→ Exercise: The data below is to be transcribed word for word; pictures are to be excluded.
---- The data
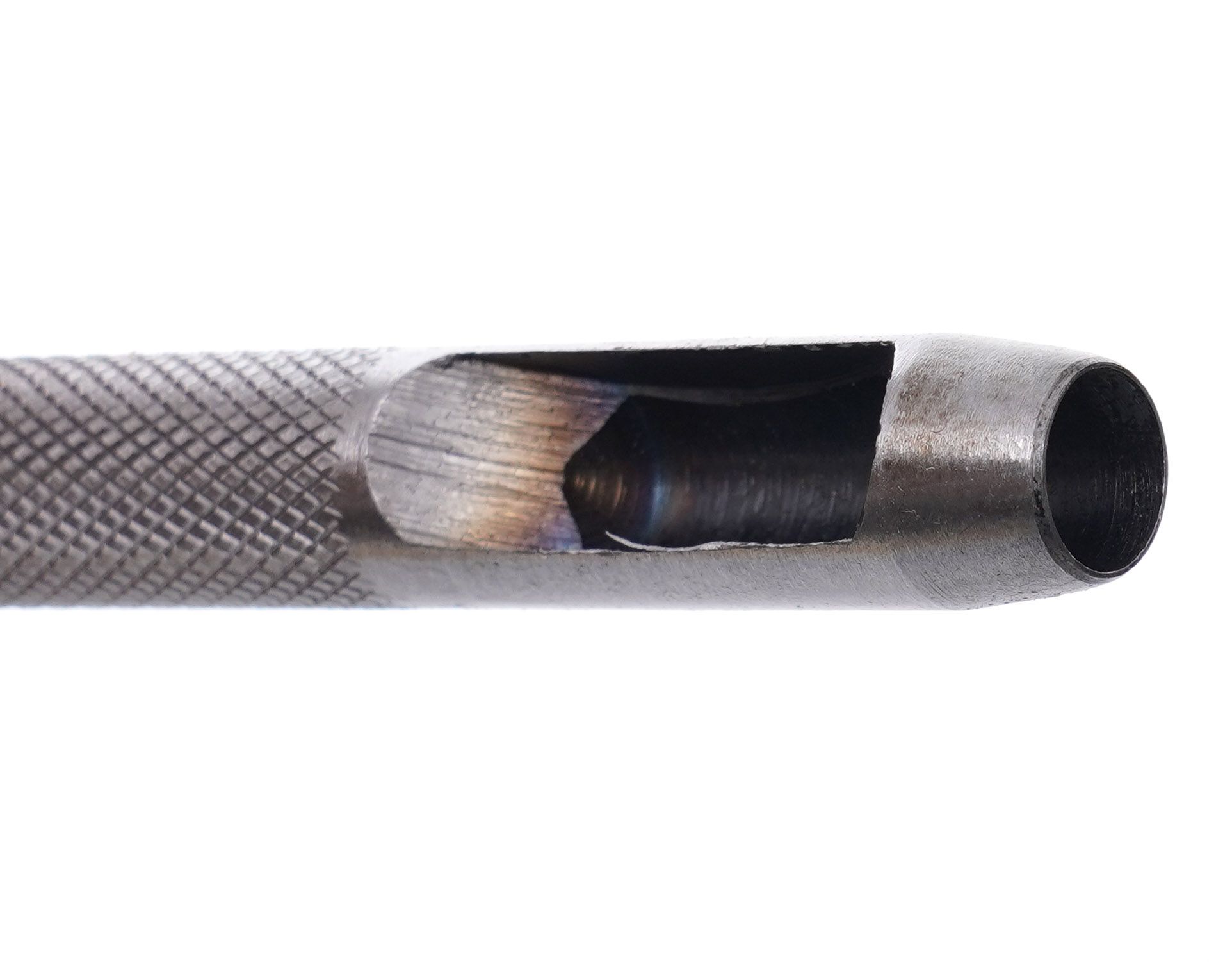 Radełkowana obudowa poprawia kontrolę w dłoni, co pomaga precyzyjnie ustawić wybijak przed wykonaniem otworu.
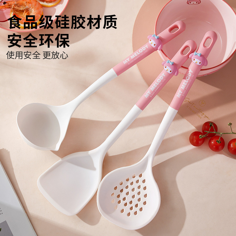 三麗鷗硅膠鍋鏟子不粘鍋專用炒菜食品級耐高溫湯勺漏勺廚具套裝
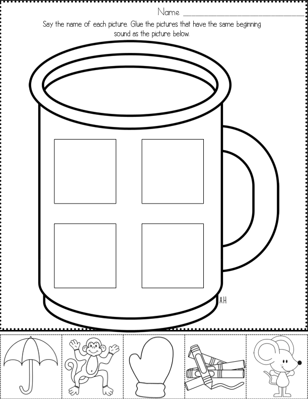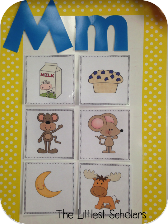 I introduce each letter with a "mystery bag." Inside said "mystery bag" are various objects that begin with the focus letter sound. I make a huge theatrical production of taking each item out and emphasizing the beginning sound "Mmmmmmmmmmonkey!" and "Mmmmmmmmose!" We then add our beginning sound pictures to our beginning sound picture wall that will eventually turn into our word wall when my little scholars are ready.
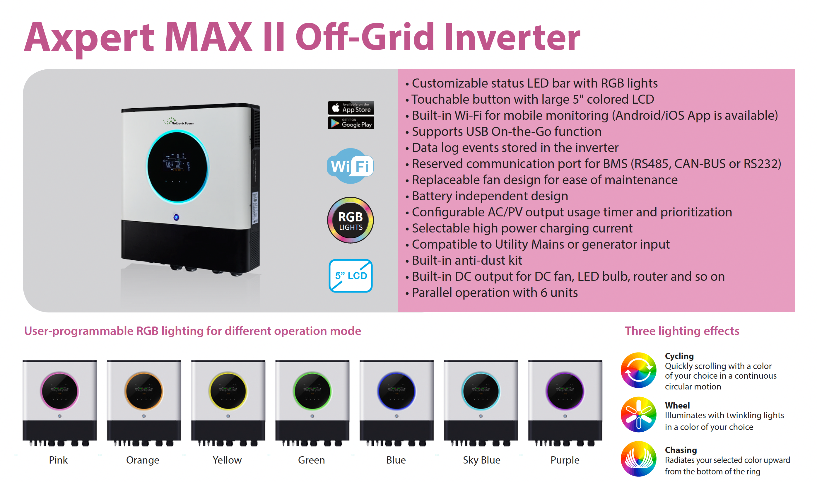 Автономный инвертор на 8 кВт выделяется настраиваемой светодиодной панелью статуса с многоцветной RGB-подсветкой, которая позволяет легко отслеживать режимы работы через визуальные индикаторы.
--------
→ Solution to this task:
 Radełkowana obudowa poprawia kontrolę w dłoni, co pomaga precyzyjnie ustawić wybijak przed wykonaniem otworu.
 三麗鷗硅膠鍋鏟子不粘鍋專用炒菜食品級耐高溫湯勺漏勺廚具套裝
 I introduce each letter with a "mystery bag." Inside said "mystery bag" are various objects that begin with the focus letter sound. I make a huge theatrical production of taking each item out and emphasizing the beginning sound "Mmmmmmmmmmonkey!" and "Mmmmmmmmose!" We then add our beginning sound pictures to our beginning sound picture wall that will eventually turn into our word wall when my little scholars are ready.
 Автономный инвертор на 8 кВт выделяется настраиваемой светодиодной панелью статуса с многоцветной RGB-подсветкой, которая позволяет легко отслеживать режимы работы через визуальные индикаторы.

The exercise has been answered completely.